В 1900 году три ученых, Гуго де Фриз, Карл Корренс и Эрих Чермак, почти одновременно и независимо друг от друга пришли к результатам, полученным ранее Менделем, и тут же обнаружили его работу. «За короткий промежуток времени, – подчеркнул Вавилов в Актовой речи, – изменился резко и общий характер работы в генетических исследованиях. На место философского умозрительного направления, еще недавно царившего здесь, преобладающими становятся опыт и точное наблюдение».

В науке началась новая эра.

Между тем селекционеры продолжали действовать по старинке. Даже самый простой метод селекции – искусственный отбор – научно не был проработан. В одних случаях отбор приводил к появлению ценного сорта, в других случаях отбор ежегодно повторяли, а улучшения сортов не было.

Переоткрытие законов Менделя позволило понять, в чем тут дело. Как показал датчанин Вильгельм Иогансен, отбором можно выводить сорта из популяций, то есть смеси сортов и их гибридов. Отобрав из популяции нерасщепляющееся растение с нужными земледельцу свойствами и размножив его, селекционер получает новый сорт, чистую линию. Дальнейший отбор в пределах чистой линии к улучшению сорта не приведет. К примеру, семена могут быть более или менее крупными из-за неодинаковых условий в пределах поля, а не из-за наследственной природы растений. Отбирать из них более крупные для дальнейшего размножения бесполезно: сорт более урожайным не станет.

Теория чистых линий – важный шаг в развитии генетики и селекции, подчеркивал Вавилов в своей Актовой речи.

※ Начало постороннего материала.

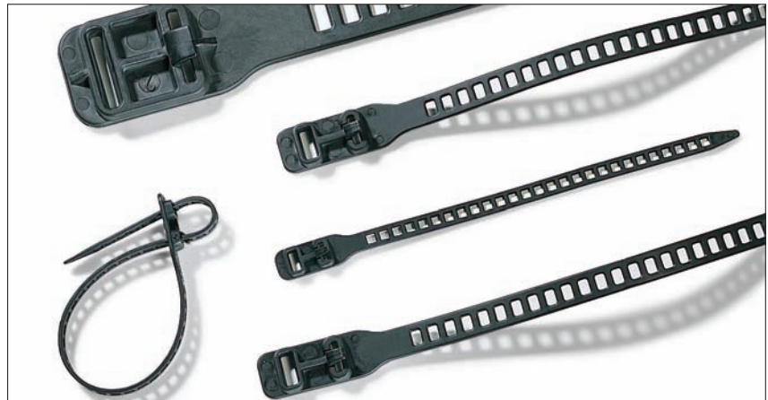
The Elasticity of the SRT ties makes them suitable for use in many applications.

The SRT range offers solutions to numerous bundling applications. The soft, flexible material makes these ties particularly suitable for use on data and fibre-optic cables. The elasticity of the material makes them ideal for securing young trees to support poles, and other applications within the gardening and landscaping industry.
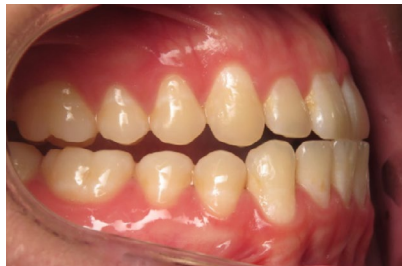
Retracted buccal – Right ( initial )
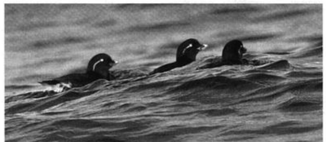
Seven Parakeet Auklets were encountered about 73 kilometers west-southwest of San Nicolas Island during the Los Angeles Audubon Society's 21 April 2007 pelagic boat trip to deep waters off Southern California.
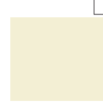
Cream RAL 9001
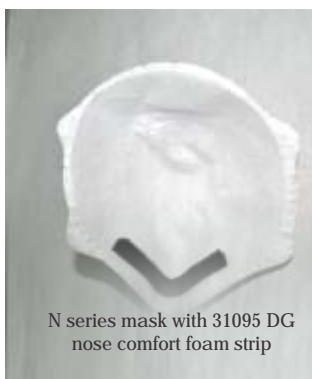
N series mask with 31095 DG nose comfort foam strip

Our latest offering to the industry is the NCFS (Nose Comfort Foam Strip) for various types of masks., including the vizor masks. These can be die cut to your special sizes and you may order in two colours i.e. light grey and dark grey. The foam strip elevates the comfort level of the user over a prolonged usage of the masks. Please do ask us for samples.
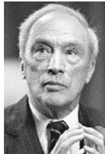
Some of Canadians' favourite things, from top to bottom: A 'two-four' of beer, a canoe, former prime minister (Pierre Trudeau), left, and singer Shania Twain.

And how about this: The second most "Canadian" term, after "eh?" is "two-four." As in: "Strap that two-four to the back of the Ski-Doo, eh?"

Однако из своей правильной теории Иогансен сделал неверный вывод: изменчивость в природе ограничена; она имеет место лишь до того, пока отбор, искусственный или естественный, приведет к образованию чистых линий. После этого эволюционное развитие прекращается. Так Иогансен «остановил» эволюцию!

Но эволюция – непреложный закон природы. Это давно уже признавало подавляющее большинство ученых. Они стали искать выход из тупика.

Правда, теория чистых линий была опубликована в 1903 году – уже после того, как выход был найден. Но немногие ученые это осознавали.

Русский академик С.И.Коржинский[51] в 1899 году, а через два года после него более глубоко и обоснованно голландец Гуго де Фриз, рассказывал в своей Актовой речи Вавилов, выдвинули мутационную теорию изменчивости.

Гуго де Фриз обнаружил, что среди одинаковых особей некоторых растений очень редко, но неизменно появляются формы, резко отличные от исходных. Он заключил, что живым организмам свойственно иногда резко изменять свою наследственную природу. «Вот как возникают новые виды, роды, семейства!» – решил Гуго де Фриз после долгих кропотливых исследований.

Он ставил опыты два десятка лет, начав их еще в 1880-е годы, и все же слишком поспешил с выводами!

Его теория, проливая свет на процесс изменчивости, блестяще подтверждала дарвиновское учение, но сам он противопоставил внезапные изменения (мутации) теории Дарвина: ведь Дарвин говорил о постепенном накоплении мелких, почти незаметных изменений.

– Значение отбора ограничено, – заявил де Фриз. – Эволюция идет путем резких скачков, мутаций.

Позднее де Фриз изменил свое мнение. Он убедился, что чем резче мутация, тем меньше шансов для новой формы выжить в данных условиях среды. Иное дело – мутации мелкие, небольшие. Они тоже чаще всего вредны для организма, приспособленного к определенным внешним условиям. В этих случаях изменившиеся особи ожидает печальная участь. Но иногда, очень редко, небольшое изменение оказывается полезным. Организм становится лучше приспособленным к среде обитания, естественный отбор закрепляет новую форму.

51

Академик Коржинский Сергей Иванович (1861–1900) – главный ботаник Императорского ботанического сада и директор Ботанического музея Академии наук.